= Buddy box =

Buddy box or buddy boxing is a colloquialism referring to two R/C aircraft radio systems joined together for pilot training purposes.

This training system is universal among the six major R/C radio manufacturers (Spektrum, Futaba, JR, Hitec, Sanwa/Airtronics and KO Propo) which means that transmitters do not have to be the same brand in order to be joined via an umbilical cable. There are, however, two different types of DIN cable connectors used for the purpose and the two are incompatible. Therefore, both transmitters must have the same type of receptacle in order to operate together.

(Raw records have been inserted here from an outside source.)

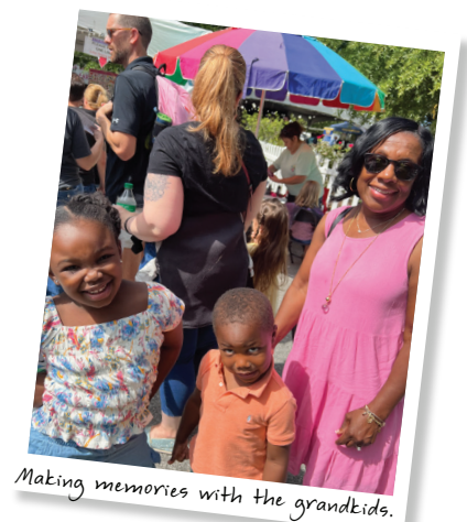
Making memories with the grandkids.

ANY JOB THAT GOD HAS GIVEN YOU TO DO WILL BE A BLESSING FOR YOU AND EVERYONE INVOLVED. KNOW THAT WHAT MAY SEEM LIKE A FAILED EVENT TO YOU IS GOD GETTING YOU READY FOR HIS FUTURE WORK THROUGH YOU. SO JUST KEEP WORKING.
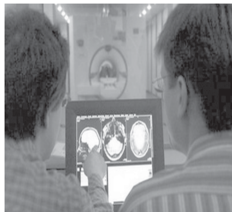
Researchers at the University of Cambridge said they have found that alemtuzumab, a drug originally developed to treat leukaemia, can halt and even reverse the debilitating effects of multiple sclerosis (MS).
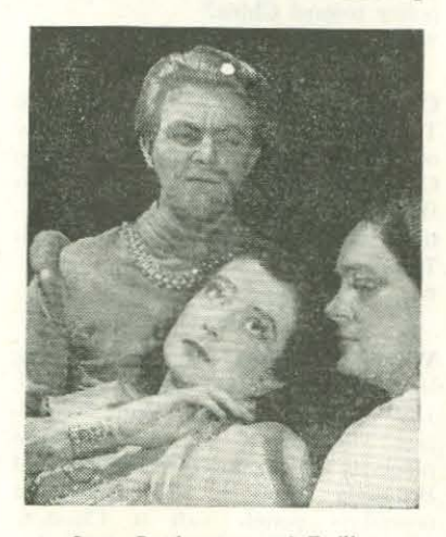
Iago, Desdemona and Emilia

an element in both plays. Hamlet's ship is attacked by pirates, and he returns to Denmark; Desdemona drops
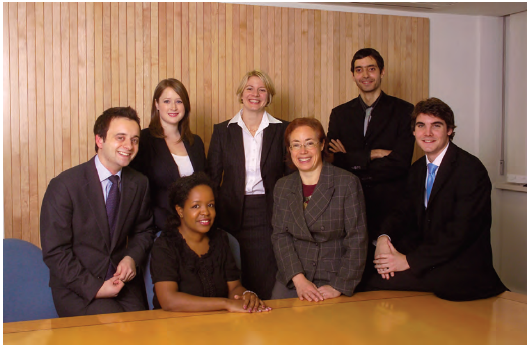
Members of the Commercial and Common Law Team
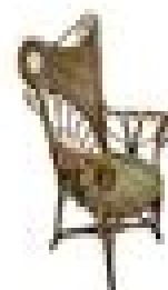
Art Nouveau Furniture 1890-1914AD
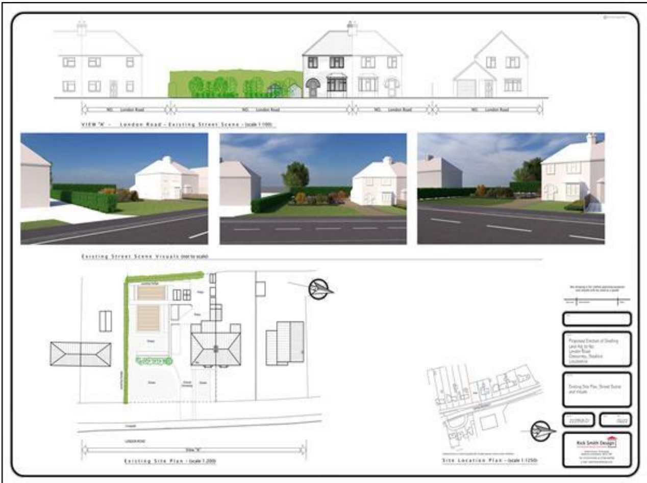
Existing site plan
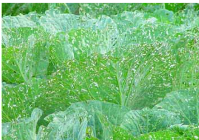
Nothing left to harvest: Infested cabbage
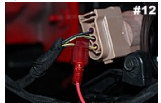
Plug red wire into the wire tap as shown.
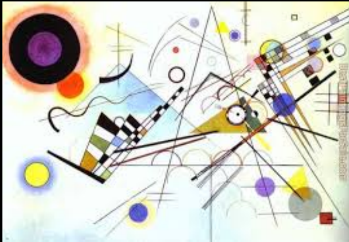
Composition VIII, 1923
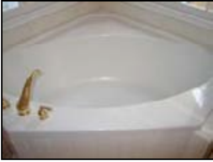
YOUR MASTER BATH SOAKING TUB
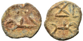
1564 Islamic seal (lead, 2.76 g, 15 mm). Sold as seen.
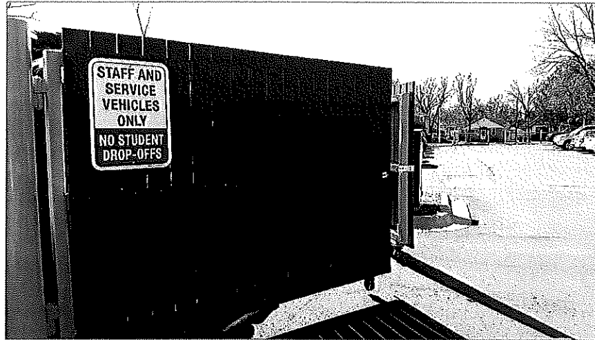
Photo of the current sign at the entrance of the staff parking lot on Pierce St NE at 17 th Ave NE

As a result of this review, the following updated recommendations have been developed:

Buddy boxing is accomplished by joining the student and master transmitters via the aforementioned cable and making sure that the servo reversing switches and trims are set identical on both. The student is given control of the aircraft via a long-handled, spring-loaded switch on the top left corner of most transmitters located on the master transmitter, normally held by the instructor. When the switch is pulled forward and held on by the instructor's left index finger, control of the aircraft is at the student's transmitter. Should the instructor judge that the student is encountering difficulty in flight, control is transferred to the master transmitter merely by releasing the switch. (On some older Futaba radios such as the popular 6XA, the trainer switch is actually a push-button located in the corner, the aforementioned corner toggle switch is reserved for channel 5 - landing gear.)

The two transmitters need not be on the same frequency. The master transmitter is the one that actually flies the plane; buddy boxing turns the student transmitter into a "dummy" remote control of the master. The student transmitter is operated with power switched off as power for both is provided by the master. The student transmitter will power up via the umbilical despite being switched off.